#### Task item
Copy word for word the lines of the records below, beginning at the one with "This stunning G50" and finishing at the one with "横地 寅正さんの総格は38画の4点!", ends included, but none of the pictures.

#### Given data

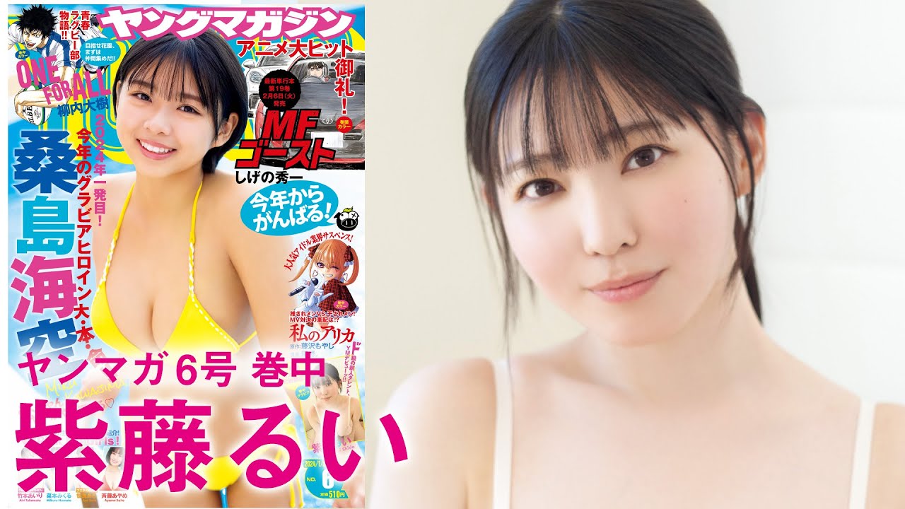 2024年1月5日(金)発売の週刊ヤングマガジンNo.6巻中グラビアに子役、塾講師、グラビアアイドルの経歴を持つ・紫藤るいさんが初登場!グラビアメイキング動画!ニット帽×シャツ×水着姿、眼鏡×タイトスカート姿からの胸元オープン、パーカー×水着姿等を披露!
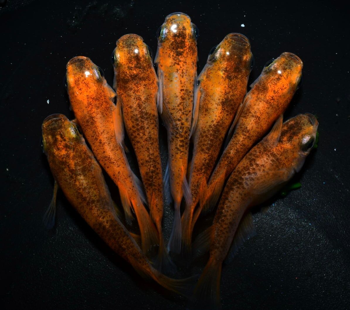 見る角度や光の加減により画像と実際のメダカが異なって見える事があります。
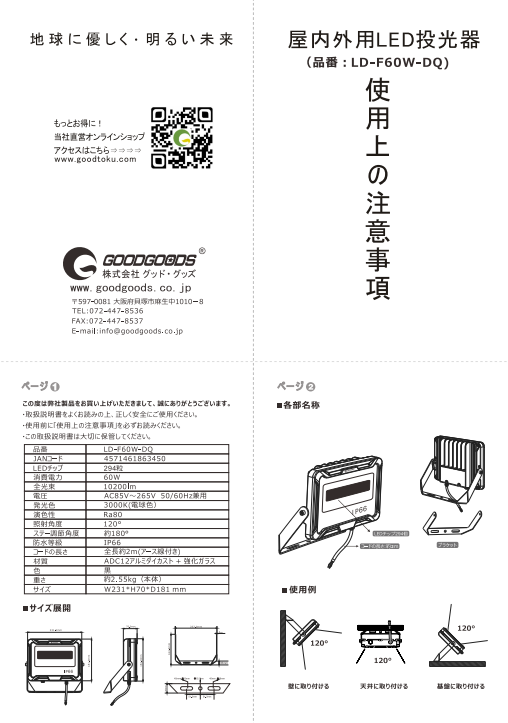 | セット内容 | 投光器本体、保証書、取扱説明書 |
...
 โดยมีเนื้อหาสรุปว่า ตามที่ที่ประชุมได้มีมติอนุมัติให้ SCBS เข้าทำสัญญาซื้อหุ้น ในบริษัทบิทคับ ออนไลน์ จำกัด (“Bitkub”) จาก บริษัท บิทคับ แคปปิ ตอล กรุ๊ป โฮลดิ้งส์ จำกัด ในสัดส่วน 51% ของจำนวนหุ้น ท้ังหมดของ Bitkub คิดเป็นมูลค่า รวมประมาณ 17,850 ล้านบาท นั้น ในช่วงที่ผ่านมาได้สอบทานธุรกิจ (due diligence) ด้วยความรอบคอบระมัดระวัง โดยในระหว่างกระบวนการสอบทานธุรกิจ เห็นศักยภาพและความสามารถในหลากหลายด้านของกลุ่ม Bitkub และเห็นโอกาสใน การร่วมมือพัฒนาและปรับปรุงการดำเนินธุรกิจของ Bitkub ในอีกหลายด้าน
---
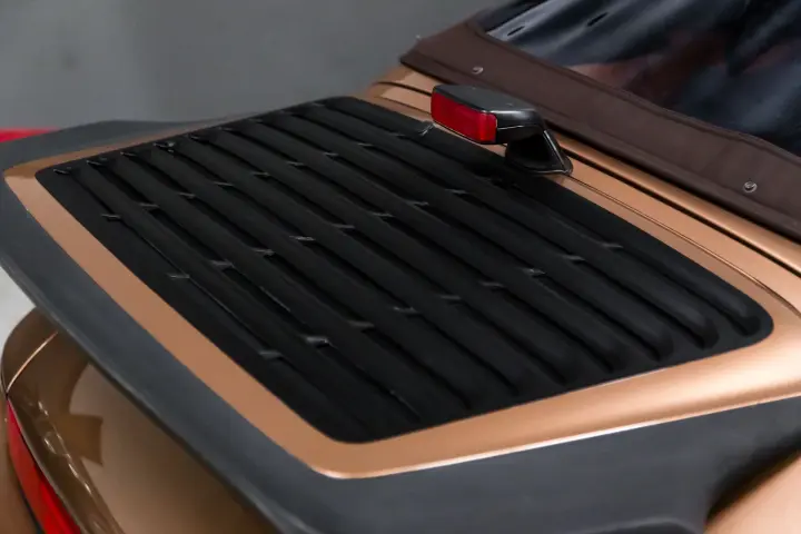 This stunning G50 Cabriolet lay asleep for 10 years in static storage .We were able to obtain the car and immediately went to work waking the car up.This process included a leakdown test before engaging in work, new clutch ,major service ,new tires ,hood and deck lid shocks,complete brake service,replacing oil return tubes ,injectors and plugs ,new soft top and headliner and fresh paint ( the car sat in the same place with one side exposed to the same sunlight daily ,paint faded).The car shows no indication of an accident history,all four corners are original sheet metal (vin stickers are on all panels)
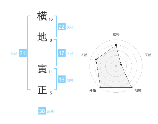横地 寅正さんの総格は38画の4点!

#### Exercise solution
 This stunning G50 Cabriolet lay asleep for 10 years in static storage .We were able to obtain the car and immediately went to work waking the car up.This process included a leakdown test before engaging in work, new clutch ,major service ,new tires ,hood and deck lid shocks,complete brake service,replacing oil return tubes ,injectors and plugs ,new soft top and headliner and fresh paint ( the car sat in the same place with one side exposed to the same sunlight daily ,paint faded).The car shows no indication of an accident history,all four corners are original sheet metal (vin stickers are on all panels)
横地 寅正さんの総格は38画の4点!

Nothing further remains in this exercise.